Retype the opening lines of the data exactly, stopping after the line that contains "2025新款磁吸暖手宝充电款". Skip every picture.

[DATA EXCERPTS — start]

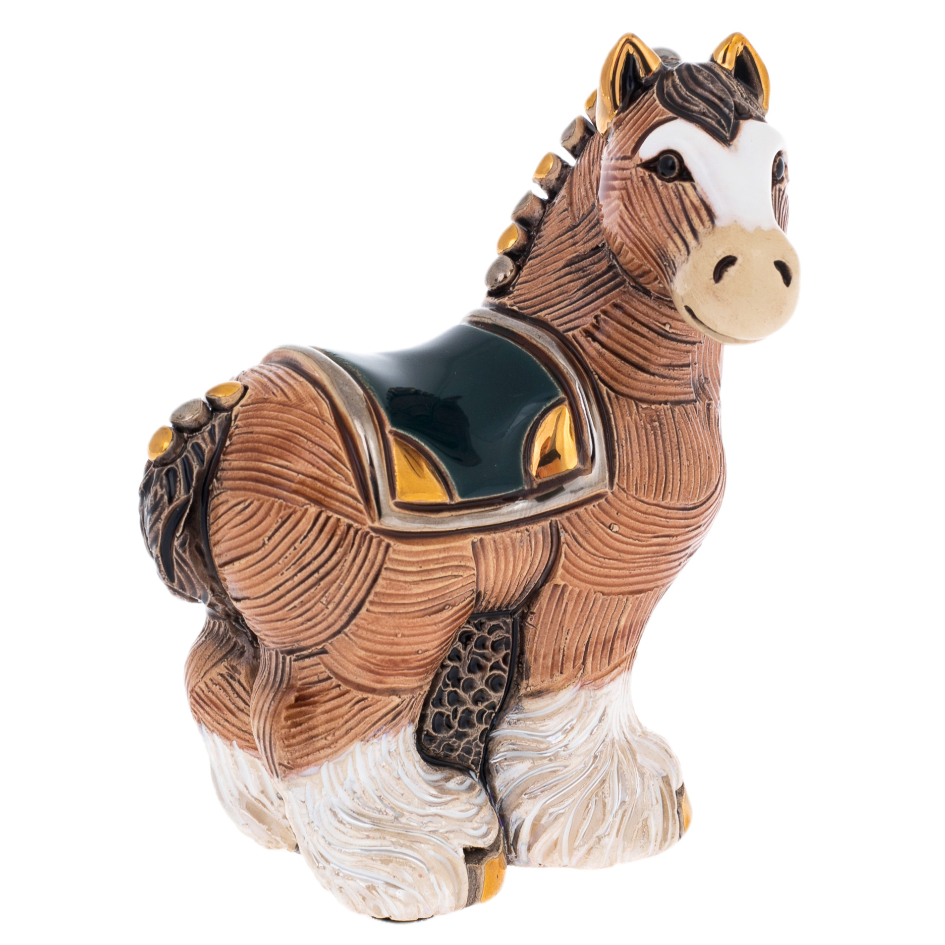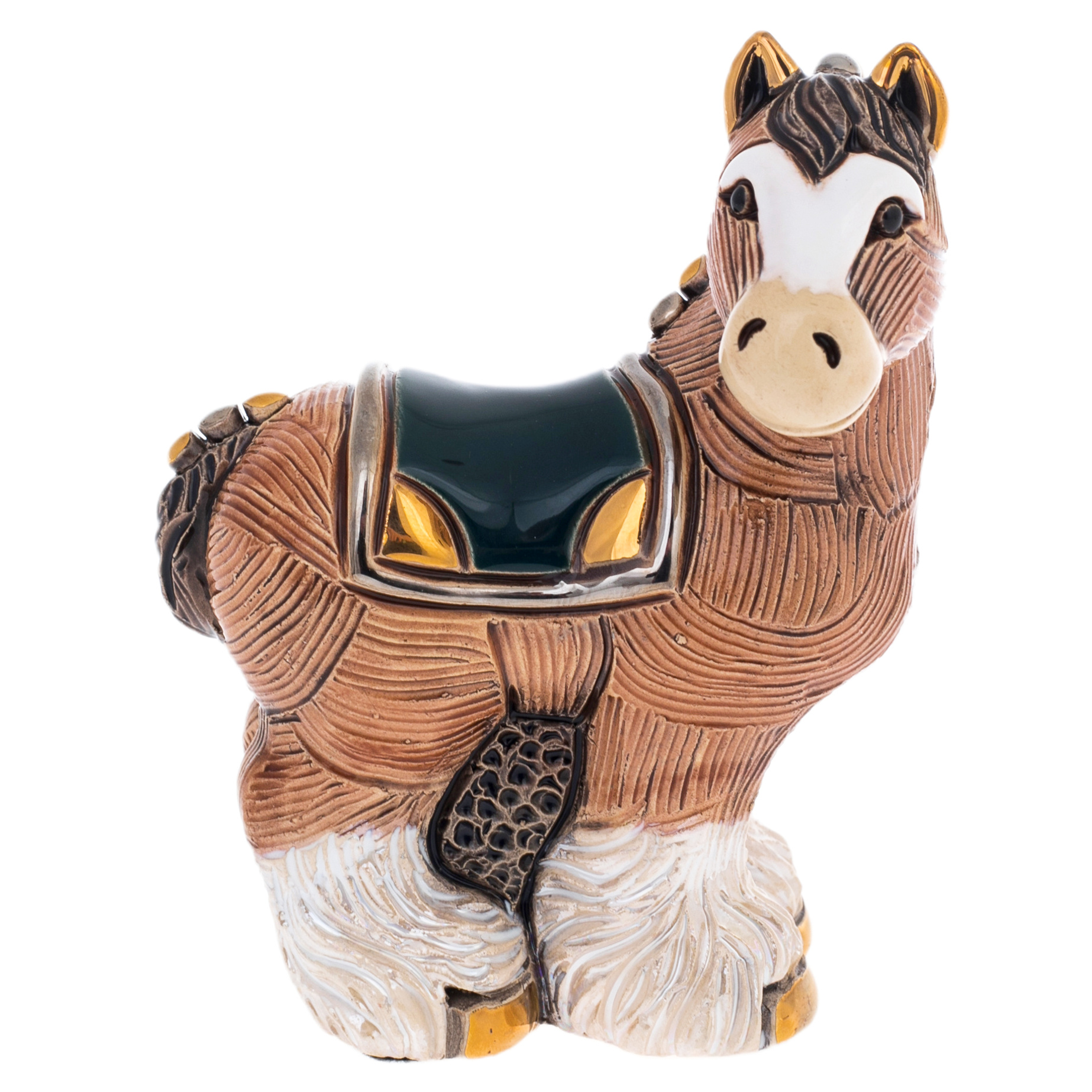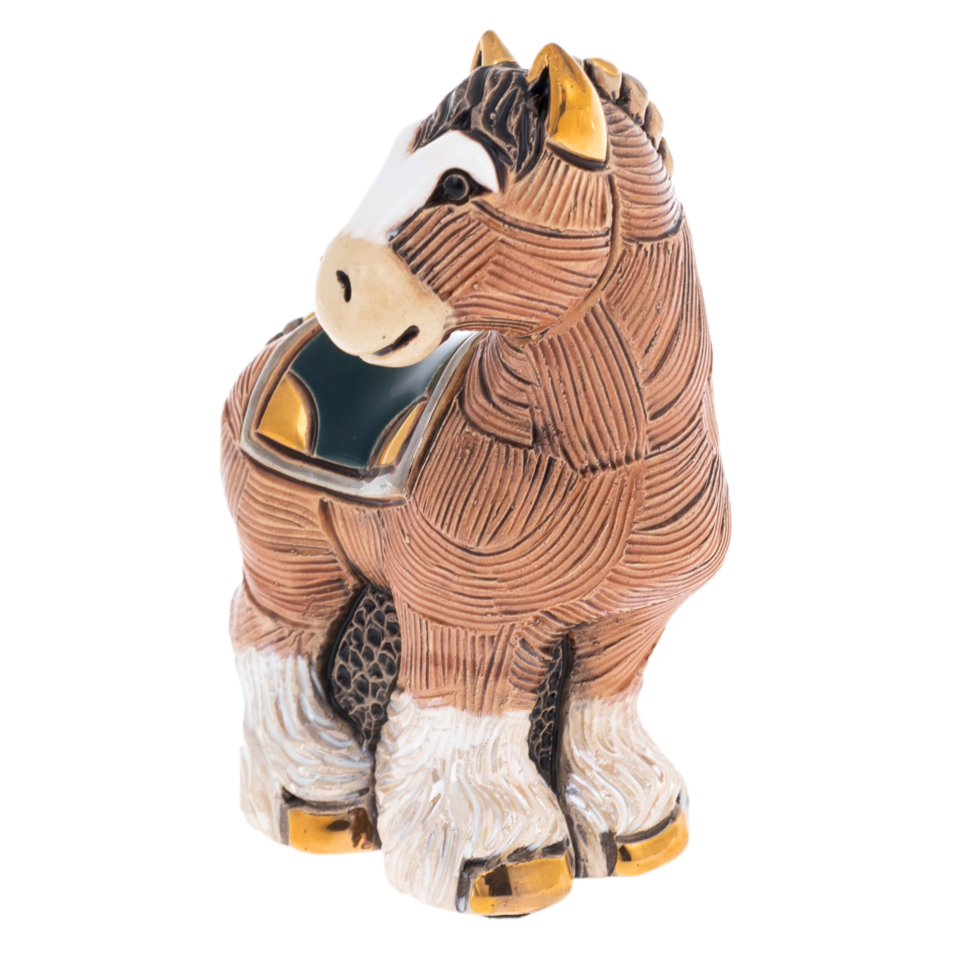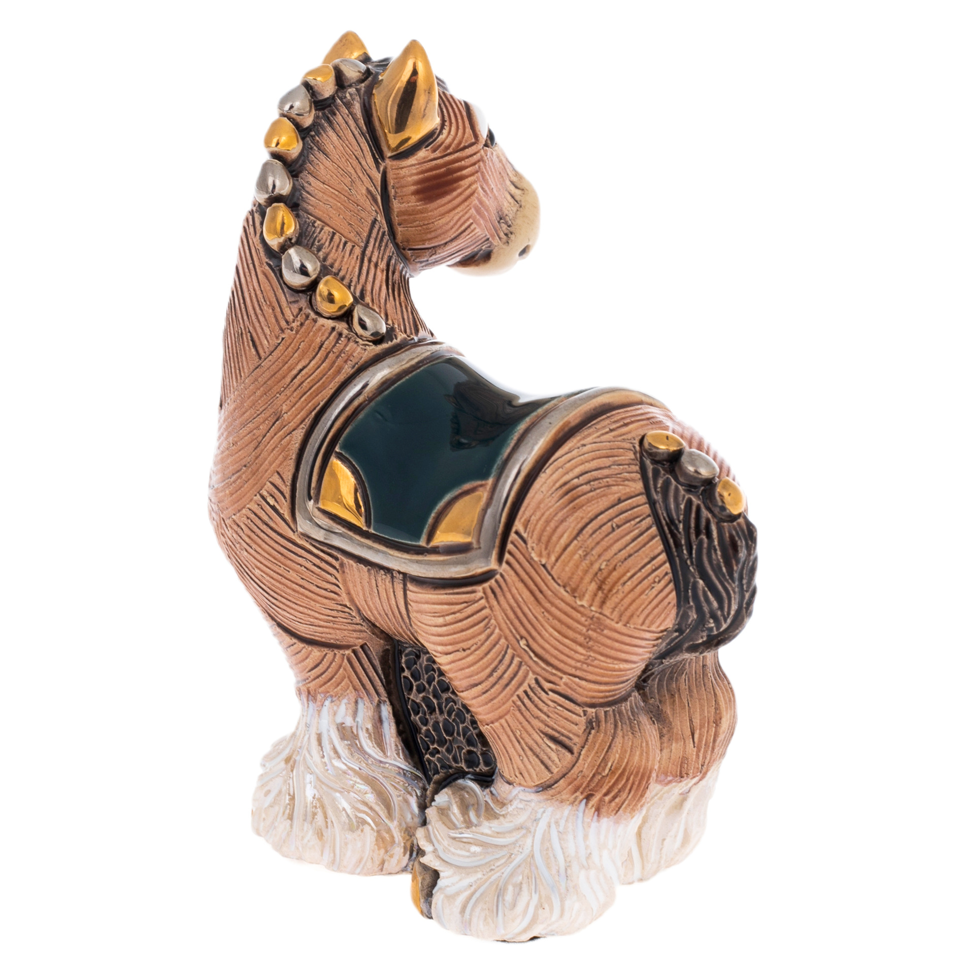 Статуэтка лошади из керамики с эмалью — очаровательный предмет коллекционного и декоративного значения, наполненный символикой силы, упорства и благородства. Образ мощного рабочего коня выполнен в стилизованной форме, с преувеличенно широким корпусом и крупными копытами, подчёркивающими устойчивость и надёжность. Поверхность корпуса имитирует текстуру густой шерсти, выразительно проработанной вручную. Особое внимание привлекает седло, покрытое эмалью глубокого тёмно-зелёного оттенка с золотыми вставками, плавно переходящими в оправу из металла с зеркальным блеском.
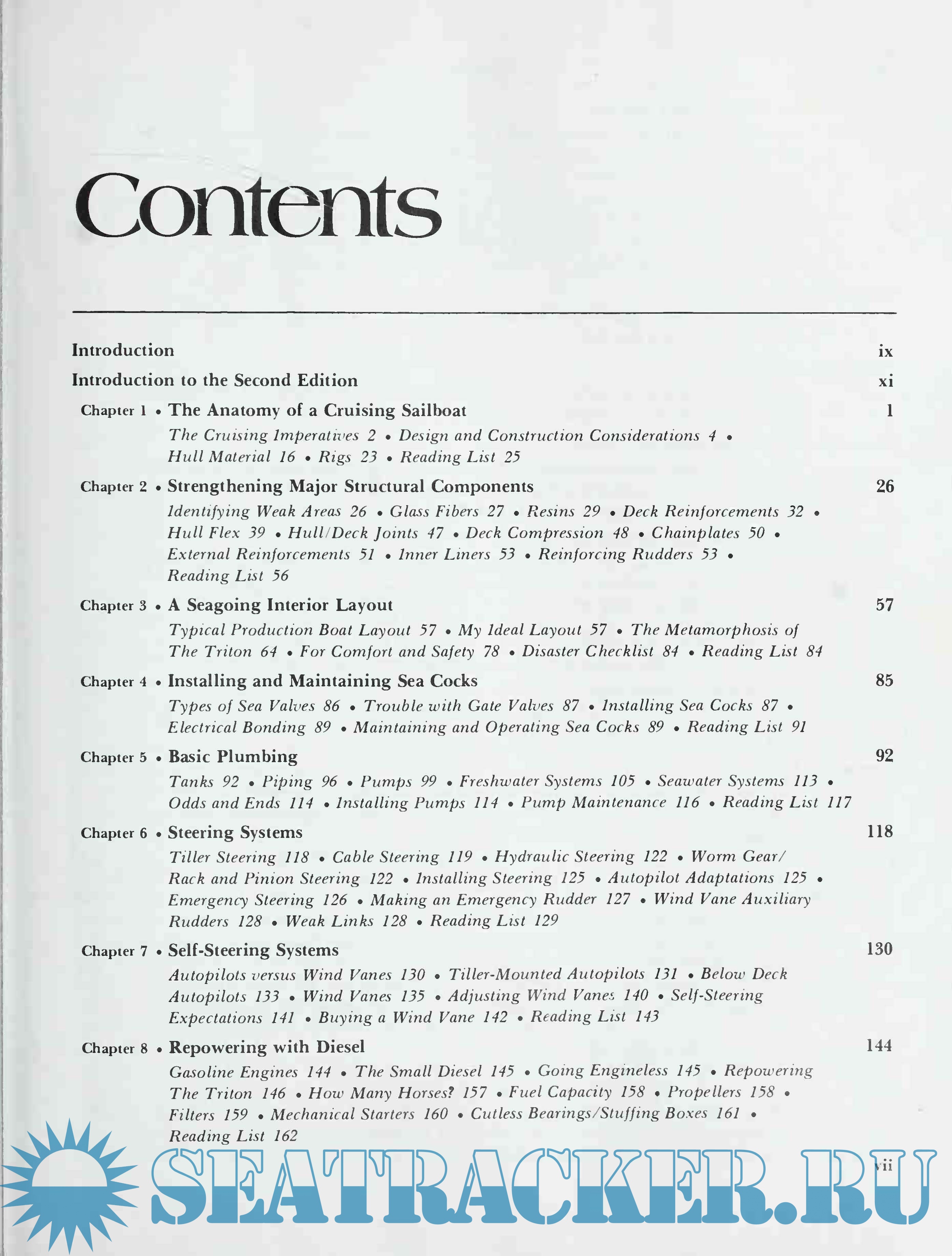 The gear, equipment, design, and construction standards cited in this book--often in very specific detail with brand-name recommendations--are as useful for evaluating a new boat as they are for buying a used boat or improving the boat you already own.
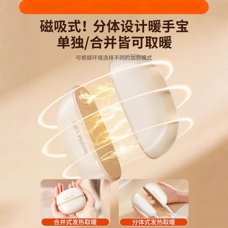 2025新款磁吸暖手宝充电款二合一分体式女生礼物暖宝宝防爆3C认证学生儿童热水袋usb随身便携手握取暖神器
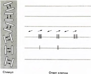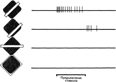 В отличие от клеток на более низких уровнях зрительной системы нейроны, избирательно чувствительные к ориентации стимула, гораздо лучше отвечают на движущиеся, чем на неподвижные линии. Именно поэтому (см. рис. 41) при стимуляции таких нейронов мы использовали линии, движущиеся через рецептивное поле. Если использовать в качестве стимула неподвижную мелькающую (периодически вспыхивающую) линию, то зачастую клетка дает слабый ответ, и в этом случае предпочтительной оказывается такая же ориентация, как и при движущейся линии.
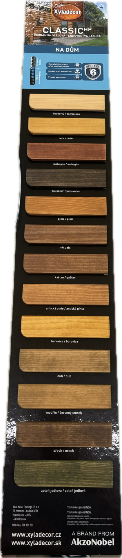Xyladecor Classic HP (High Protection) je ochranná tenkovrstvá lazura na dřevo na rozpouštědlové bázi pro vnější použití. Obsahuje fungicidní složku, která účinně působí proti houbám způsobujícím modrání dřeva. Krémová konzistence usnadňuje natírání a lépe penetruje. Zvýšená přilnavost další vrstvy. Vytváří mikroporézní saténový povrch, který chrání proti UV záření a nepřízním počasí. Zvýrazňuje strukturu dřeva. Je určen pro veškeré dřevěné povrchy, které nejsou v přímém styku s půdou nebo povrchovou vodou, jako jsou obklady domů, chaty, altány, pergoly, ploty, balkony, okna, dveře a jiné dřevěné povrchy. Pro intenzivnější ochranu v exteriéru proti modrání a hnilobě dřeva, doporučujeme podklad napustit impregnačním nátěrem Xyladecor Xylamon.
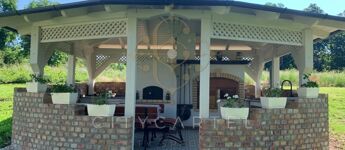 A vendégház (kiskastély) kb. 180 nm, ahol egy nagy nappali, étkező, konyha, két hálószoba és két fürdőszoba kapott helyet.
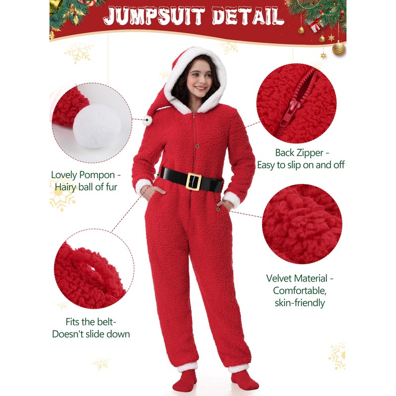 - High Velvet Quality: This fabric is made of thickened Sherpa, this is a women's Christmas one-piece pajama, keep you warm and comfortable, without any excitement
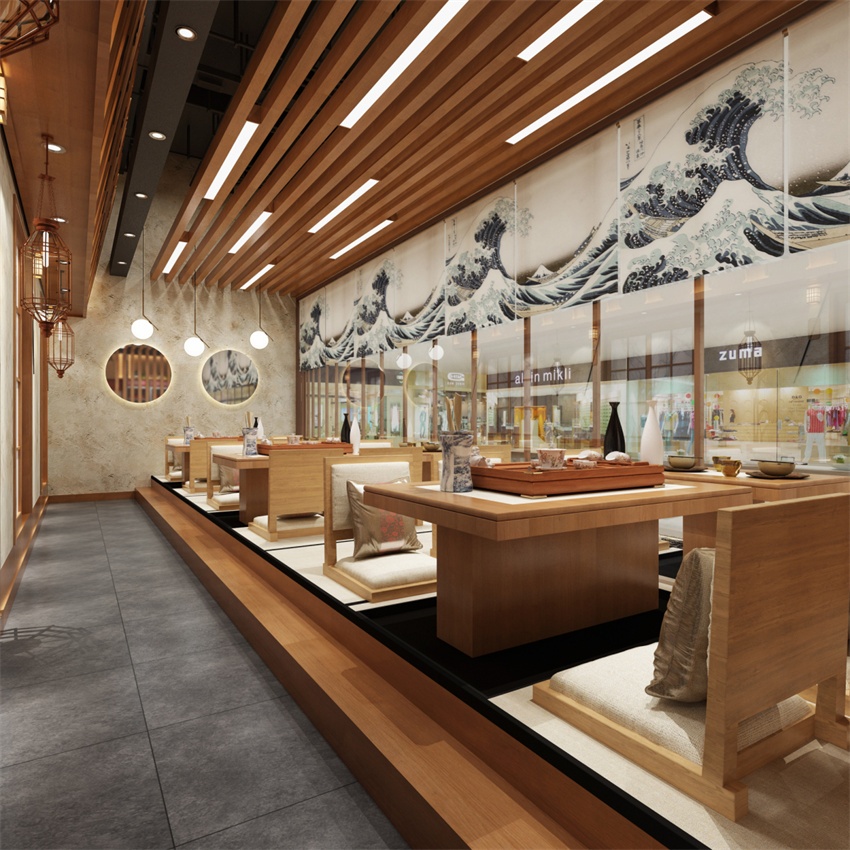 空間布局:采用“回字形”或“L形”動(dòng)線,將烹飪區(qū)、展示區(qū)與用餐區(qū)自然銜接,避免顧客與廚房操作產(chǎn)生距離感。
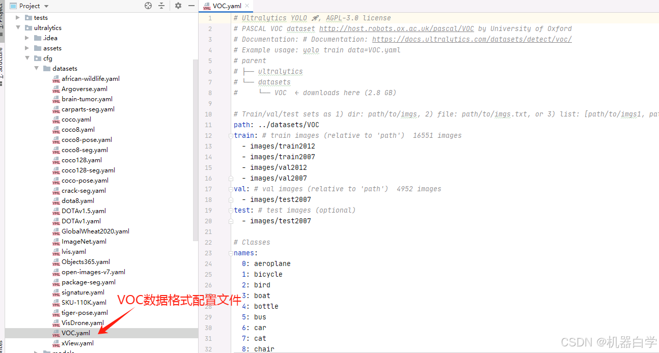 如果使用的不是coco的数据格式,同样可以参见源码地址 /ultralytics-main/ultralytics/cfg/datasets 下的数据集配置文件,yolov8支持多种输入格式。
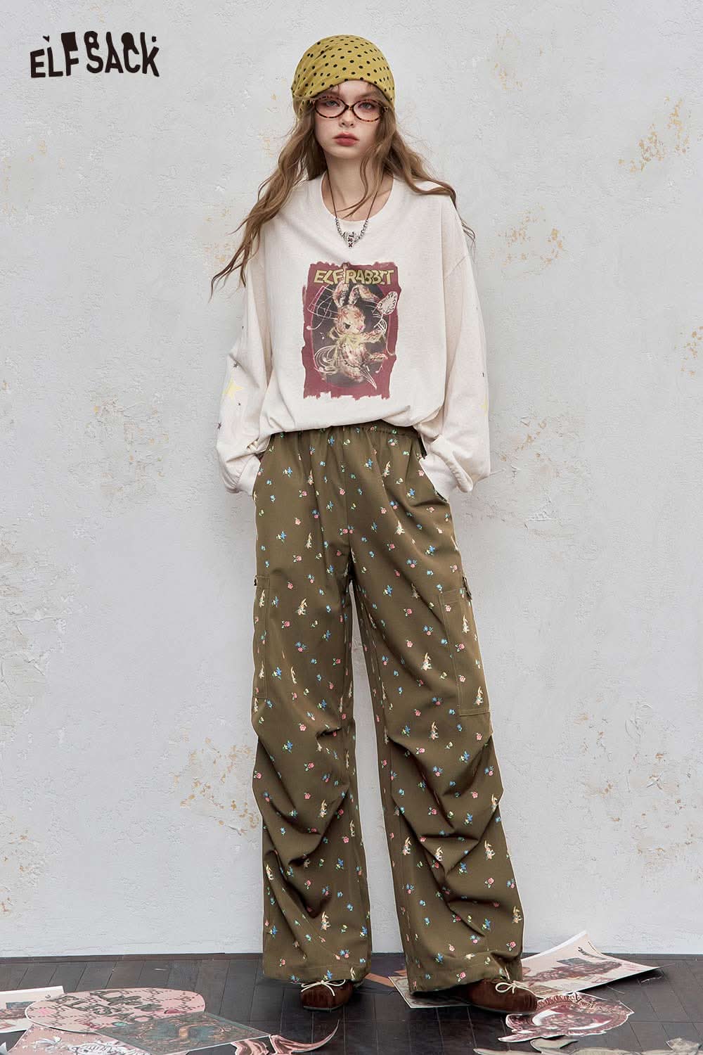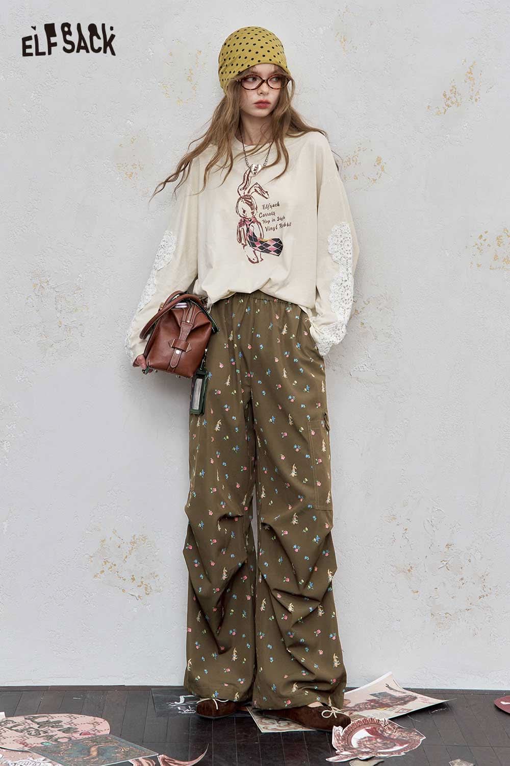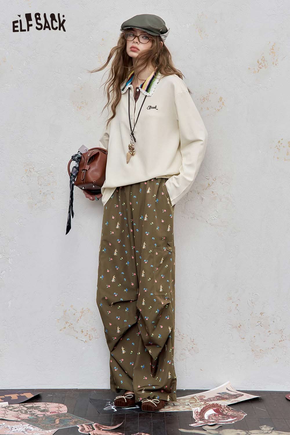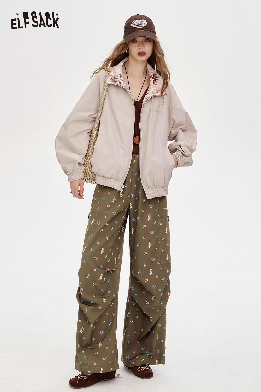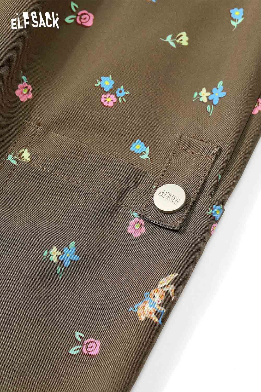 Floral Stitch Detail Oversized Pocket Design Utility Pants

[DATA EXCERPTS — finish]

■ OUTPUT BELOW
 Статуэтка лошади из керамики с эмалью — очаровательный предмет коллекционного и декоративного значения, наполненный символикой силы, упорства и благородства. Образ мощного рабочего коня выполнен в стилизованной форме, с преувеличенно широким корпусом и крупными копытами, подчёркивающими устойчивость и надёжность. Поверхность корпуса имитирует текстуру густой шерсти, выразительно проработанной вручную. Особое внимание привлекает седло, покрытое эмалью глубокого тёмно-зелёного оттенка с золотыми вставками, плавно переходящими в оправу из металла с зеркальным блеском.
 The gear, equipment, design, and construction standards cited in this book--often in very specific detail with brand-name recommendations--are as useful for evaluating a new boat as they are for buying a used boat or improving the boat you already own.
 2025新款磁吸暖手宝充电款二合一分体式女生礼物暖宝宝防爆3C认证学生儿童热水袋usb随身便携手握取暖神器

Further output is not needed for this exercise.